About 1 year ago I lost my job and we were forced to move out of company housing. Losing my job and housing put our family into a bit of a tailspin... It was tough on me and the family. My wife was able to apply for a job that was a promotion for her (more pay) and was located near her parents. We relocated there, living with her parents, and found some stability for our children with the local school & grandparents helps. I started consulting with many of the clients that I had worked with previously which required 3-4 days away each week. My wife started working 60+ hours a week, basically leaving before the kids got up and coming home just before there bedtime. This was stressful on the family and living in with the grandparents was stressful. My wife slipped into not having to take care of the kids, cleaning, cooking and really had no responsibility other than her job.

We decided to reduce the stress of living with her parents we would find house close to them to maintain the kids in school and still have some help from the grandparents. We did and moved in. I committed to reducing my time on the road and took over taking care of the family. I still consult and go on the road, but for shorter time periods. The Grandparents help while I'm gone. My wife stayed busy with work and doesn't help much with family/home matters. I can deal with this, but she started to become much more distant.

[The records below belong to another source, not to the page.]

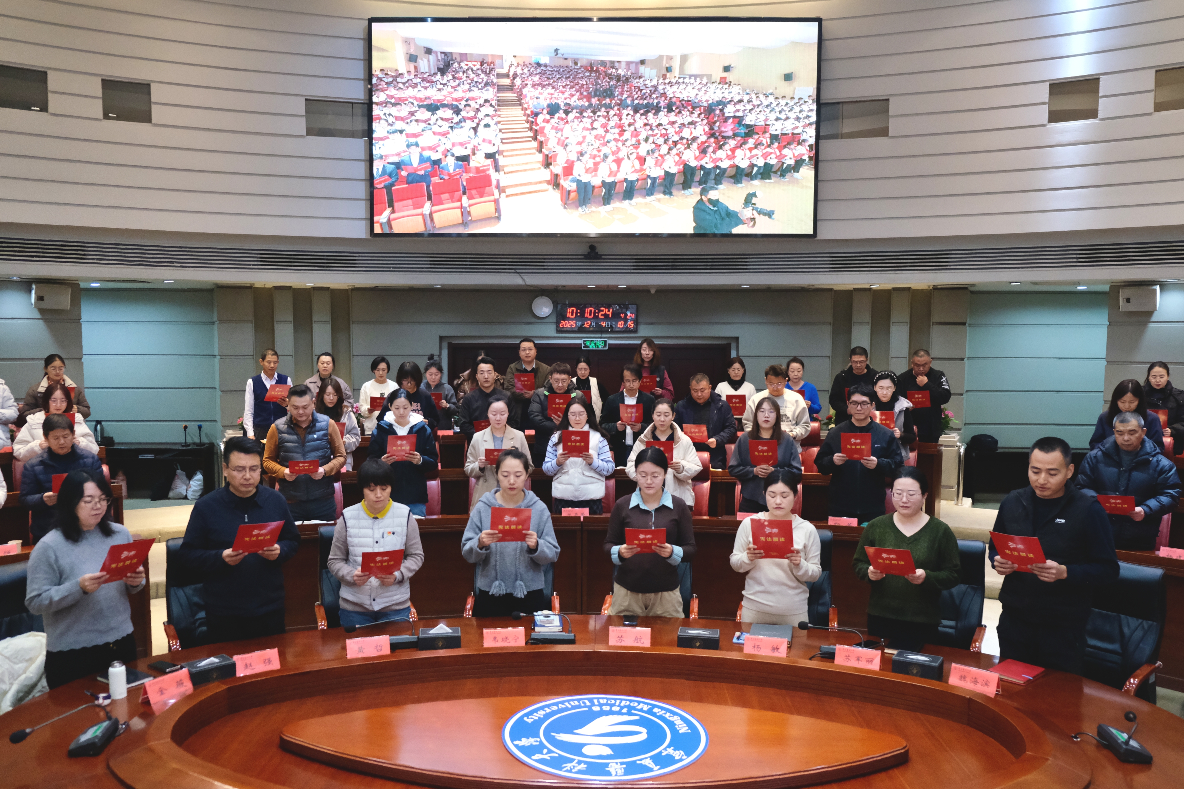 12月4日,在第十二个“国家宪法日”及第七个“宪法宣传周”期间,学校以“学习宣传贯彻习近平法治思想推动宪法深入人心”为主题,在雁湖校区弘毅体育馆开展了2025年第13次党委理论学习中心组(扩大)学习会暨“12・4”国家宪法日集中宣传活动,以学促行、以宣践知,推动宪法精神在校园落地生根。学校党委副书记、校长姜怡邓,党委常委,相关部门(单位)负责人及师生员工代表参加。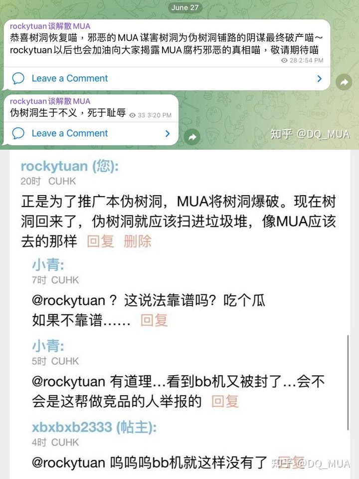 有眼可见的,有耳可听的,都心知肚明,树洞的消失,最大受益者是谁?是内地生吗?断乎不是。是DQMUA吗?我的早期发言都在树洞,再度消失也令我们损失惨重。毫无疑问,最大受益者,就是伪树洞以及他们身后的MUA。就是他们,在唯一短暂的一天与树洞平等竞争,却一败涂地而恼羞成怒,用这种下作的手段将其摧毁。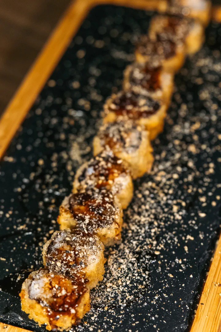Entre os campeões 👑 de venda, este sushi roll é composto por 10 peças emapanadas na farinha panko, em seguidas são fritas para causar o melhor efeito krek krek em todas as mordidas. Compostas por: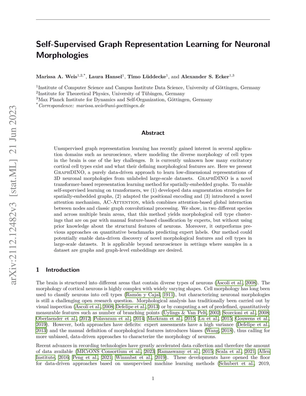 Unsupervised graph representation learning has recently gained interest in several application domains such as neuroscience, where modeling the diverse morphology of cell types in the brain is one of the key challenges. It is currently unknown how many excitatory cortical cell types exist and what their defining morphological features are. Here we present GraphDINO, a purely data-driven approach to learn low-dimensional representations of 3D neuronal morphologies from unlabeled large-scale datasets. GraphDINO is a novel transformer-based representation learning method for spatially-embedded graphs. To enable self-supervised learning on transformers, we (1) developed data augmentation strategies for spatially-embedded graphs, (2) adapted the positional encoding and (3) introduced a novel attention mechanism, AC-Attention, which combines attention-based global interaction between nodes and classic graph convolutional processing. We show, in two different species and across multiple brain areas, that this method yields morphological cell type clusterings that are on par with manual feature-based classification by experts, but without using prior knowledge about the structural features of neurons. Moreover, it outperforms previous approaches on quantitative benchmarks predicting expert labels. Our method could potentially enable data-driven discovery of novel morphological features and cell types in large-scale datasets. It is applicable beyond neuroscience in settings where samples in a dataset are graphs and graph-level embeddings are desired.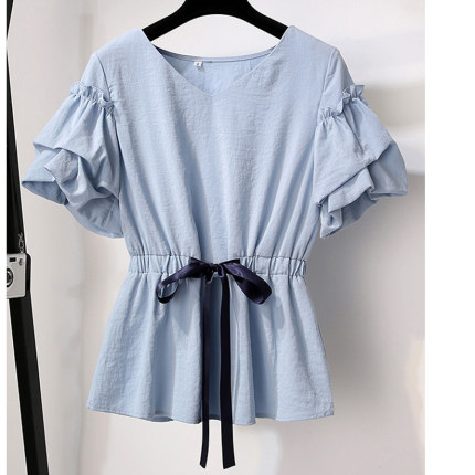 夏装2020新款衬衣大码女装裙摆小衫胖妹妹收腰雪纺上衣设计感洋气

I discovered recently that she has been searching on the internet for information about a man she works with. Looking into polyamourous relationships (how to convince your partner it's a good idea). Flirts through texting and email with the person she is searching on the internet about (to the best of my knowledge their relationship has been confined to the work setting). Today I see that she has started emailing with the fellow she had an "emotional affair" with 3 years ago. She's distant to me, not around much, and sex with her feels like she's doing an unpleasant chore (she's not interested in spicing it up).

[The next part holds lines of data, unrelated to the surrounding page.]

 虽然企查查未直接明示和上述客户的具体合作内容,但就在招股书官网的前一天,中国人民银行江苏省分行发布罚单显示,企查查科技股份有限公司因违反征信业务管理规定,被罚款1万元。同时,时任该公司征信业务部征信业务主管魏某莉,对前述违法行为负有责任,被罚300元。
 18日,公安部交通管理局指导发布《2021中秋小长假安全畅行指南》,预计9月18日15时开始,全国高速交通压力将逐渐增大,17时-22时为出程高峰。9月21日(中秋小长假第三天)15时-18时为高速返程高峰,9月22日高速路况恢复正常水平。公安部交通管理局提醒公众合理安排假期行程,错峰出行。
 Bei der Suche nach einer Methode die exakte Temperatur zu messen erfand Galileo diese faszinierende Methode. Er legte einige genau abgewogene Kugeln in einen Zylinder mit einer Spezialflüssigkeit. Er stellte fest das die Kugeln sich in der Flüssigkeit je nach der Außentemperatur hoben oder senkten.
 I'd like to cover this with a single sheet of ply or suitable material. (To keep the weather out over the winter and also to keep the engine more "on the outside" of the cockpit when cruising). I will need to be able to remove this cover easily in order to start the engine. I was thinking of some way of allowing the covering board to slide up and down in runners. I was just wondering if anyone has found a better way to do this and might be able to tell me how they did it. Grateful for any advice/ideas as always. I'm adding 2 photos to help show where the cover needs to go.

We've had a very difficult past year with lots of ups and downs. I've been depressed at times, but have also been pushing forward with life - trying to redefine myself outside of the job I lost (I really was wrapped up in it). I've put on weight and know that I'm not as attractive to her (I've been overweight most of my life), but am working on more exercise and getting bariatric surgery. There have been times when I haven't been as present as I probably should have been. I own that I'm not perfect...

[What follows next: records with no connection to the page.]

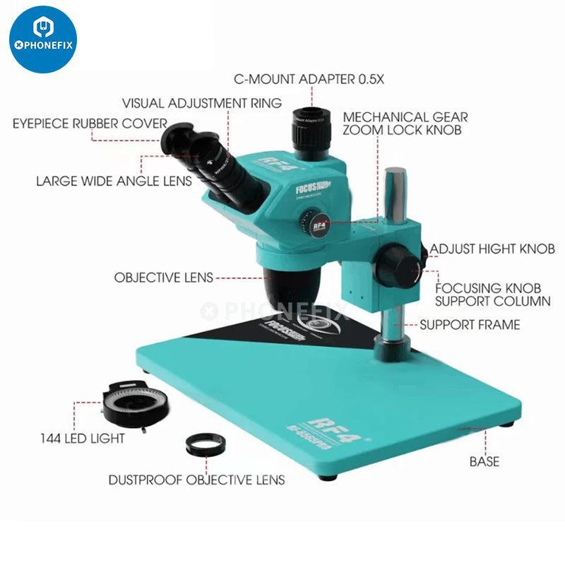 RF4 HD Trinocular Stereo Zoom Industrial Microscope For PCB Repair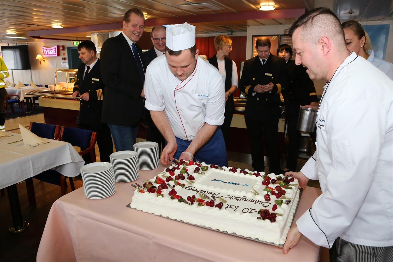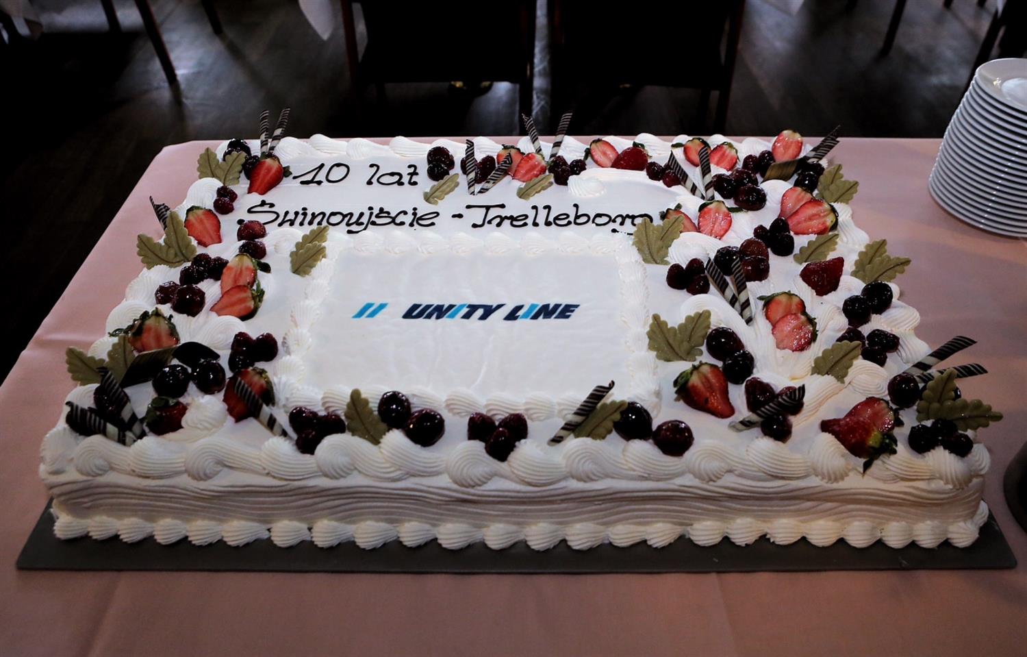 Okolicznościowy tort, drewniane koło sterowe i krzepiące przemówienia złożyły się na obchody 10-lecia linii promowej Świnoujście-Trelleborg. Świętował operator Unity Line (z grupy Polskiej Żeglugi Morskiej), którego trzy jednostki – „Gryf”, „Galileusz” i „Wolin” – kursują na tej trasie.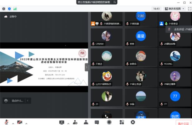 4月11日,WilliamHill威廉希尔2022年度学生科研创新项目启动会暨指导培训会通过腾讯会议线上平台顺利举行。WilliamHill威廉希尔助理研究员李磊受邀担任主讲人,学院学生积极参加。

Three years ago I "fought" for our relationship, it was hard but I found a counselor, talked openly and frankly with my wife, supported her by not leaving & doing my best not to judge. I'm struggling now because I feel like she is on the brink of having another affair and is not "present" with me. Mostly our interactions feel cold and mechanical, mundane. I love my wife and family, but don't think I have it in me to be the only carrying the relationship or the energy to "fight" for her. My reactionary side says confront her about her interactions with these two guys and talk about next steps in our relationship. Basically, if she is going to screw around again I'd like to leave beforehand. She can start dealing with the kids, home, and her work. I'm not sure how to move forward and am feeling the more flight than fight.